• **Exercise directions**
Starting with the line below that holds "Blue & Orange Harlequin Pattern Round Clock" and stopping after the line that holds "Bardzo starannie odlana", transcribe the lines exactly, leaving out all pictures.

• **Supplied records**
_ _ _ _ _

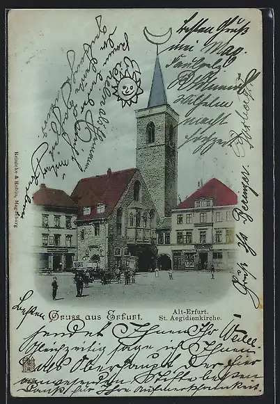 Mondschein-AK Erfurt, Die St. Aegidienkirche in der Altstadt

_ _ _ _ _

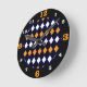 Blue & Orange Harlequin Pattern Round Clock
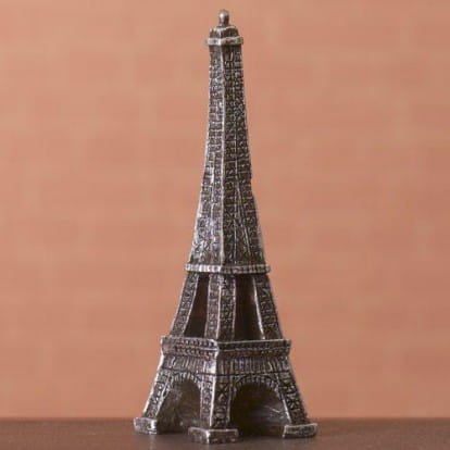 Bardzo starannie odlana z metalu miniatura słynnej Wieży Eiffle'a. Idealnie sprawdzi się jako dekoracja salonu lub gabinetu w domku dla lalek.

_ _ _ _ _

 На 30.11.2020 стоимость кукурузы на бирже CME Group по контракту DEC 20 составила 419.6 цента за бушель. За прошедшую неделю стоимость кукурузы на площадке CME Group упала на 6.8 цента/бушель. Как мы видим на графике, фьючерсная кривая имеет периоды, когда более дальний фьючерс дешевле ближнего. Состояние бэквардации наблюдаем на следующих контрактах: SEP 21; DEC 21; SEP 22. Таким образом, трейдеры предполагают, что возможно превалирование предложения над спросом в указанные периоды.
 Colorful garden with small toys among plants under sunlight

_ _ _ _ _

• **Response to the exercise**
 Blue & Orange Harlequin Pattern Round Clock
 Bardzo starannie odlana z metalu miniatura słynnej Wieży Eiffle'a. Idealnie sprawdzi się jako dekoracja salonu lub gabinetu w domku dla lalek.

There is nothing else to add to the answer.